At its core, Synapse Analytics takes a number of existing parts of Azure and wraps them together under a single unified banner and backs it with a powerful and scalable data processing engine. Azure Synapse Analytics gives us a single unified product that can repeatably ingest data from data lakes, data warehouses, relational databases, and non-relational databases.
Synapse Analytics can then transform and store this data using the same core pipeline features and code from Azure Data Factory, but it does it using distributed processing technologies with Spark pools and SQL pools.
Synapse Analytics lets us consume this data either by storing in a data warehouse or by providing easy ways of integrating with Power BI for analysis and Azure Machine Learning for machine learning model generation.
This lets Azure Synapse Analytics serve as an ETL, ELT, and batch processing pipeline for large-scale data sources and support real-time analytics needs. And Synapse Analytics does all of this in a way that is easy for enterprises to secure and monitor.
What about Azure Data Factory?
To some of you, this may sound a little familiar to Azure Data Factory, so let’s talk briefly about the difference between the two.
Azure Data Factory lets users define their own extract / transform / load and extract / load / transform pipelines that consist of a wide variety of activities. This effectively lets teams build custom solutions for data engineering in the cloud.
Now Azure Data Factory does have some limitations, however. First of all, while you can integrate a lot of things into it, the process for doing so is not very centralized. Additionally, it’s hard for an organization to get an accurate glimpse into all aspects of their service offering or secure things in a unified way.
This effectively makes Azure Data Factory powerful, but limited in its applications for the enterprise.
Azure Synapse Analytics is designed to address this gap while providing additional features and capabilities.
In Synapse Analytics you can define any number of data sources to feed into your Synapse workspace.

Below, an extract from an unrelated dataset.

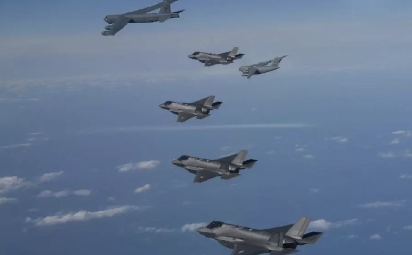 2023年10月22日美军与韩军军演资料图,演习中包括一架C-17运输机 REUTERS - THE DEFENCE MINISTRY
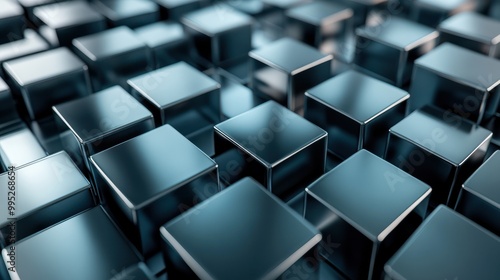 © Johannes, Naklejka premium Grey, Glossy Cubes Neatly Aligned to create a Innovative Tech Wallpaper. 3D Render.

These sources could be SQL databases like Azure SQL or Postgres, or they could be NoSQL databases such as CosmosDB. Synapse Analytics also supports blob, file, and table storage as well as data lakes and Spark-based data systems.
One thing to highlight here is that data can also be ingested from outside of Azure via connectors to other cloud providers or even by installing an Integration Runtime on-premises to provide self-hosted data to Synapse Analytics in a hybrid cloud environment.
Once you’ve configured data sources, they’re now available to be copied into your Azure Synapse Analytics data lake.
Copy Data Tool
Microsoft gives us a very robust Copy Data Tool that allows you to copy data from your data sources into your data lake. This copy operation can be run manually, can be given a loose schedule, or be run on a tumbling window for recurring intervals like weekly tasks.
Mapping Data Flows
Synapse also lets you define something called a Mapping Data Flow that allows you to aggregate, filter, sort, and otherwise transform the data you’re loading. You can even merge together multiple data sources via join operations!
If you’ve encountered Mapping Data Flows before in Azure Data Factory, Azure Synapse Analytics actually shares a lot of the same underlying code so you should be familiar with many of the features.
Let’s talk about transforming data.
Synapse allows you to define pipelines that can trigger mapping data flow and data copy tasks.
Pipelines has over 90 different activities for data processing and transformation, including the ability to run custom code in Spark or Databricks notebooks.
Let’s talk about the scalability factors of Synapse because this is where Synapse Analytics really shines.
One of the reasons that Synapse is so scalable is because it relies on two separate but related pools: a SQL pool for querying and a Spark pool for data processing.
Synapse uses SQL pools to query its data in a very scalable manner.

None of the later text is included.